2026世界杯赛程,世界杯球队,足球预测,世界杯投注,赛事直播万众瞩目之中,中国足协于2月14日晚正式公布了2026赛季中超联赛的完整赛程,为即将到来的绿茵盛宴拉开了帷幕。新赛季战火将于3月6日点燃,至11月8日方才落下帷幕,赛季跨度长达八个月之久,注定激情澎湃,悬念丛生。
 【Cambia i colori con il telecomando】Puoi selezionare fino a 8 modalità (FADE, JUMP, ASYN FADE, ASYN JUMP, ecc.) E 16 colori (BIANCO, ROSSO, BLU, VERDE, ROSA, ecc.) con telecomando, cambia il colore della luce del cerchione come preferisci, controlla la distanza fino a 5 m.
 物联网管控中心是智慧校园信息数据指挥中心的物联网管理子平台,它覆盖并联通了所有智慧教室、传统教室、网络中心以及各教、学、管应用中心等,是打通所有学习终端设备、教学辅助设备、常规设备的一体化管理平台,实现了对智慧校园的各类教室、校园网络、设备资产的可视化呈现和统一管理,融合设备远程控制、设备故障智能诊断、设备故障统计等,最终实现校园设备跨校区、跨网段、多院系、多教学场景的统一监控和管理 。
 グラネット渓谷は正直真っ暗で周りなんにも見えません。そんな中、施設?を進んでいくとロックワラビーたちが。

----------------

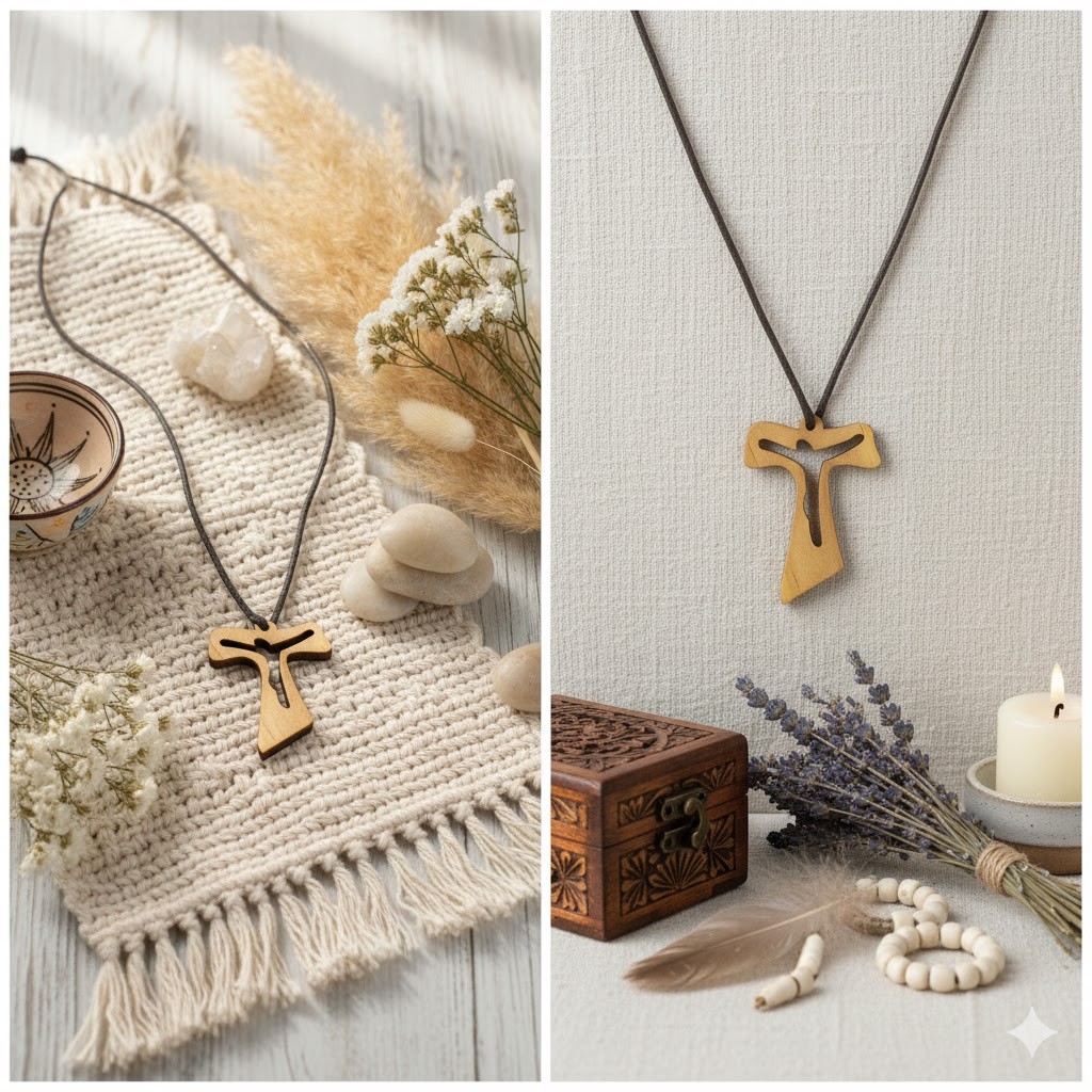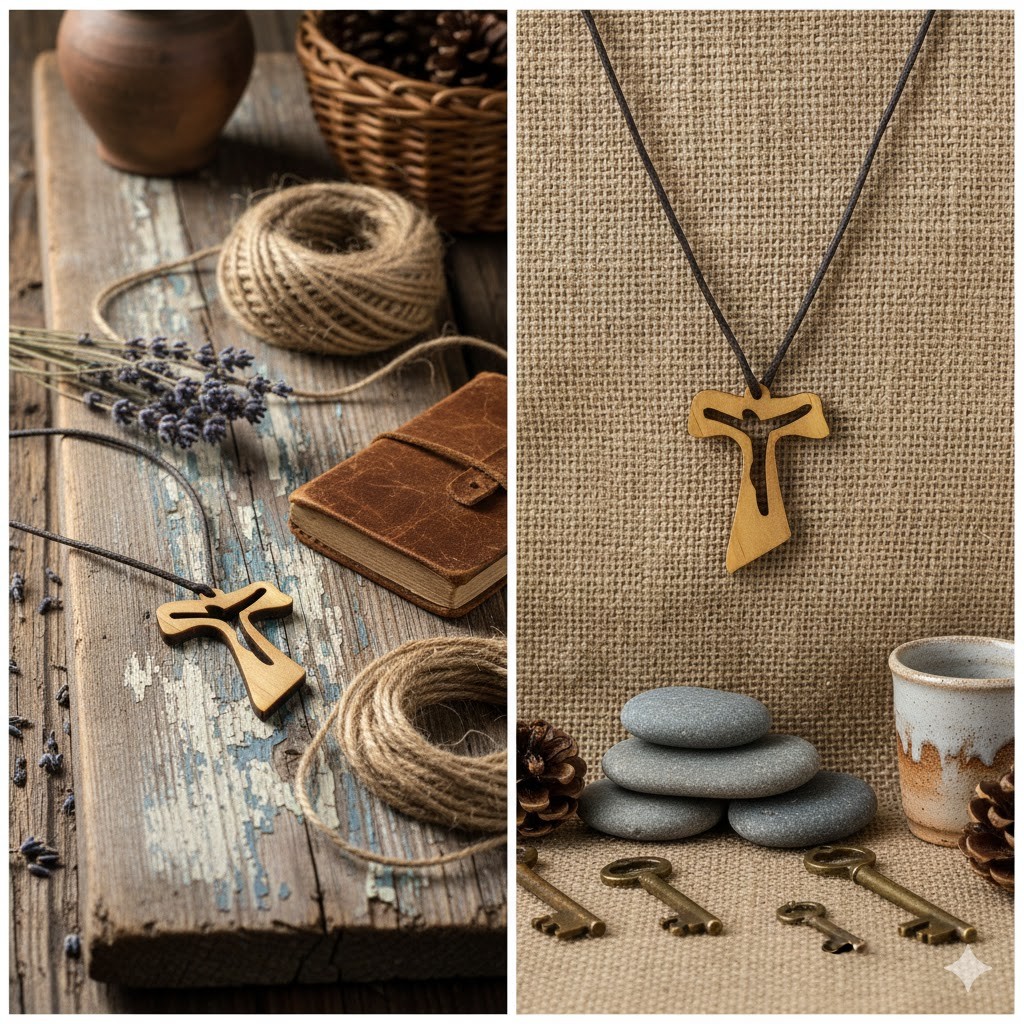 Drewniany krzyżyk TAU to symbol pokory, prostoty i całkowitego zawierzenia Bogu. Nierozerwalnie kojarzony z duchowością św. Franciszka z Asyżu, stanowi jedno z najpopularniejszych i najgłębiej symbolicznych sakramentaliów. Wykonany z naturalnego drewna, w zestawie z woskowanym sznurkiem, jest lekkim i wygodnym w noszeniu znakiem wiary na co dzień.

----------------

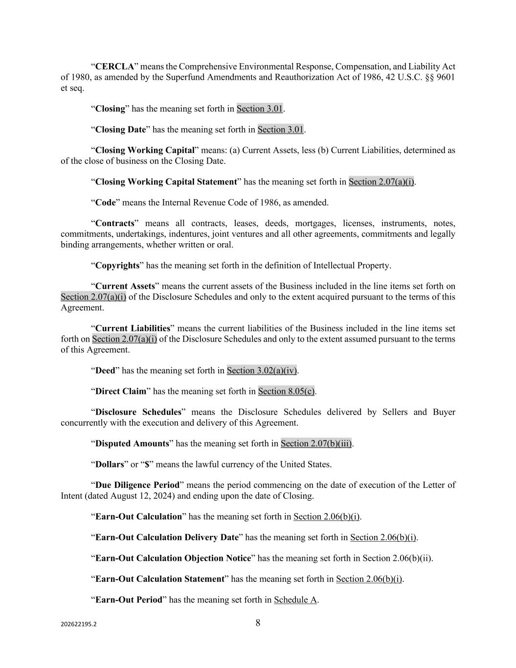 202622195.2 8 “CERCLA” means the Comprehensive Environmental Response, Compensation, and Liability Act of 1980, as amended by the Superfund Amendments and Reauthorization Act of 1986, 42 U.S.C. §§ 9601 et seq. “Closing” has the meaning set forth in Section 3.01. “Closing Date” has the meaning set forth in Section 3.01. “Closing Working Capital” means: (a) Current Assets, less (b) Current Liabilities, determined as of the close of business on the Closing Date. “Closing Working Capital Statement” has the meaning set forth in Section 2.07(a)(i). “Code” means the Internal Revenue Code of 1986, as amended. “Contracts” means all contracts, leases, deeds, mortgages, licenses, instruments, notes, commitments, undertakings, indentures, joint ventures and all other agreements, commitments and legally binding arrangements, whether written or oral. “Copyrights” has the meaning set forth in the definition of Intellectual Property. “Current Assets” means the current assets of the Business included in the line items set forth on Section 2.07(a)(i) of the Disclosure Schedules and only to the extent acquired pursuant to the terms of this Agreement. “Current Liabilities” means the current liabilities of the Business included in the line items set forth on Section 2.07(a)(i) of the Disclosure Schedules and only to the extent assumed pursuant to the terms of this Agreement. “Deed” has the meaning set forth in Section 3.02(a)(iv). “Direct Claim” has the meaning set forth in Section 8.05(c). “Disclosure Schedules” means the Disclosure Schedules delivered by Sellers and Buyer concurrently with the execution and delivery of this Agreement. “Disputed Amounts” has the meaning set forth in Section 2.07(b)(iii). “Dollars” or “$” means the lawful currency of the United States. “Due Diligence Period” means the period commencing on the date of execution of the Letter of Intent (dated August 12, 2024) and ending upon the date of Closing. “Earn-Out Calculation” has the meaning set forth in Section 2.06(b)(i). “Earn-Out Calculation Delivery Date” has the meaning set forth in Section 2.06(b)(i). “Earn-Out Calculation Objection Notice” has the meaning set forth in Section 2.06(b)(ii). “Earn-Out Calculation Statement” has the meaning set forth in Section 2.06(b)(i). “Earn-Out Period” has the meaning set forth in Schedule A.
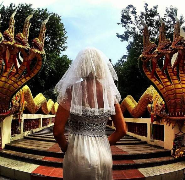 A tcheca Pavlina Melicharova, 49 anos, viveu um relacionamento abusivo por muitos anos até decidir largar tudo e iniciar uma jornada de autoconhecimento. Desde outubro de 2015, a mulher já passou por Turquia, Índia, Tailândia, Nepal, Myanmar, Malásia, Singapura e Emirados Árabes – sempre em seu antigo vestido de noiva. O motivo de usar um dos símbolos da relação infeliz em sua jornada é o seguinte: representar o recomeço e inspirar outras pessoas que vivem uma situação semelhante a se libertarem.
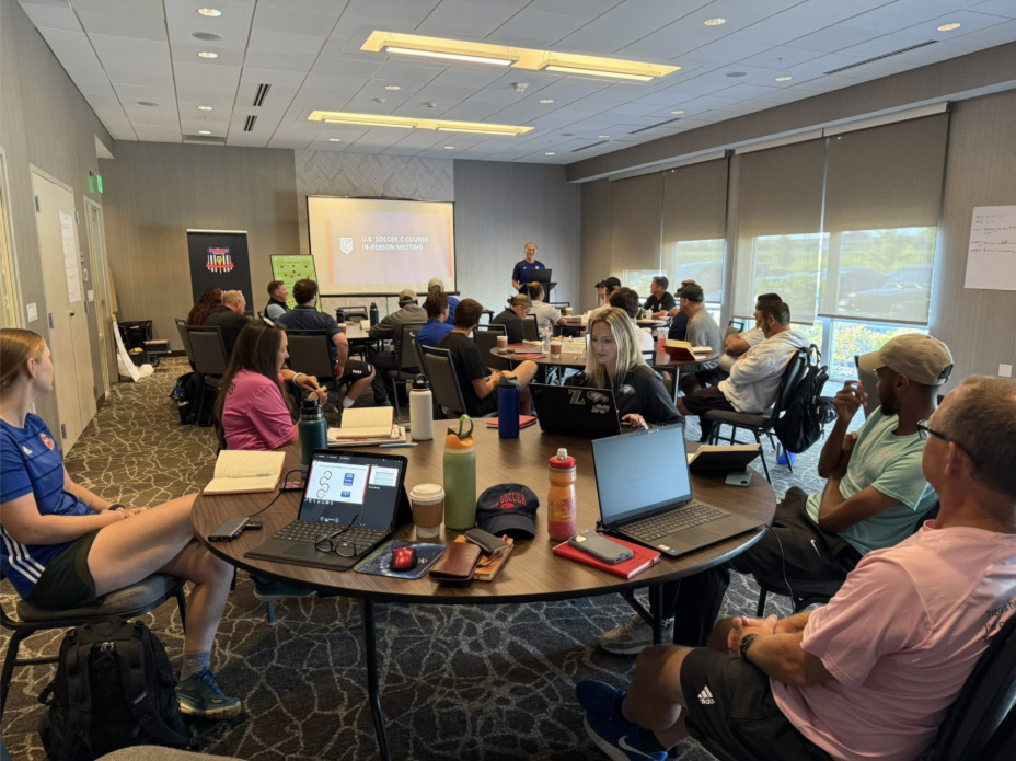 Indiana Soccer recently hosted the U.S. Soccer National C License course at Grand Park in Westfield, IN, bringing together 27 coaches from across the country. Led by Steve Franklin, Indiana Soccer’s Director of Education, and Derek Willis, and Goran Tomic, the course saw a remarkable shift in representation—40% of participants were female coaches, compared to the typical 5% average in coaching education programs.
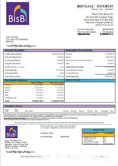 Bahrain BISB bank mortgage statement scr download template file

----------------

- [WHAT YOU WILL DO]
Each line in the listing above from the one containing "2026世界杯赛程,世界杯球" through the one containing "グラネット渓谷は正直真っ暗で" should be repeated exactly, and no other line.

- [ANSWER FOR THE TASK]
2026世界杯赛程,世界杯球队,足球预测,世界杯投注,赛事直播万众瞩目之中,中国足协于2月14日晚正式公布了2026赛季中超联赛的完整赛程,为即将到来的绿茵盛宴拉开了帷幕。新赛季战火将于3月6日点燃,至11月8日方才落下帷幕,赛季跨度长达八个月之久,注定激情澎湃,悬念丛生。
 【Cambia i colori con il telecomando】Puoi selezionare fino a 8 modalità (FADE, JUMP, ASYN FADE, ASYN JUMP, ecc.) E 16 colori (BIANCO, ROSSO, BLU, VERDE, ROSA, ecc.) con telecomando, cambia il colore della luce del cerchione come preferisci, controlla la distanza fino a 5 m.
 物联网管控中心是智慧校园信息数据指挥中心的物联网管理子平台,它覆盖并联通了所有智慧教室、传统教室、网络中心以及各教、学、管应用中心等,是打通所有学习终端设备、教学辅助设备、常规设备的一体化管理平台,实现了对智慧校园的各类教室、校园网络、设备资产的可视化呈现和统一管理,融合设备远程控制、设备故障智能诊断、设备故障统计等,最终实现校园设备跨校区、跨网段、多院系、多教学场景的统一监控和管理 。
 グラネット渓谷は正直真っ暗で周りなんにも見えません。そんな中、施設?を進んでいくとロックワラビーたちが。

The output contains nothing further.